Question

Show that if the diagonals of a quadrilateral bisect each other at right angles, then it is rhombus.

Answer 1

We have a quadrilateral $ABCD$ such that the diagonal's $AC$ and $BD$ bisect each other at right angles at $O$.

In $\Delta AOB$ & $\Delta AOD$ we have

$AO=OA$ (common)

$OB=OD$ (given $AC$ & $BD$ bisect at $O$)

$\angle AOB=\angle AOD$ (each is ${90}^0$)

$\therefore$ $\Delta AOB\cong \Delta AOD$ by the $SAS$ congruence criterion.

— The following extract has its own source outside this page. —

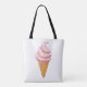 Strawberry sundae in waffle cone with topping tote bag

$\Rightarrow$ Their corresponding parts are equal $AB=AD⟶\left(1\right)$

Similarly $\Delta AOD$ and $\Delta OCD$ are congruent by a $SAS$ congruence

criterion $\Rightarrow AD=CD$ (corresponding parts) $⟶\left(2\right)$

Again, $\Delta COD$ and $\Delta COB$ are congruent by a similar $SAS$ congruence

criterion $\Rightarrow CD=CB$ (corresponding parts) $⟶\left(3\right)$

Also, $\Delta COB$ and $\Delta AOB$ are congruent by $SAS$ congruence criterion $\Rightarrow BC=AB$ (corresponding parts) $⟶\left(4\right)$

Combining $\left(1\right),\left(2\right),\left(3\right),\left(4\right)$ we have

$AB=BC=CD=DA$.

Thus quadrilateral $ABCD$ is a rhombus.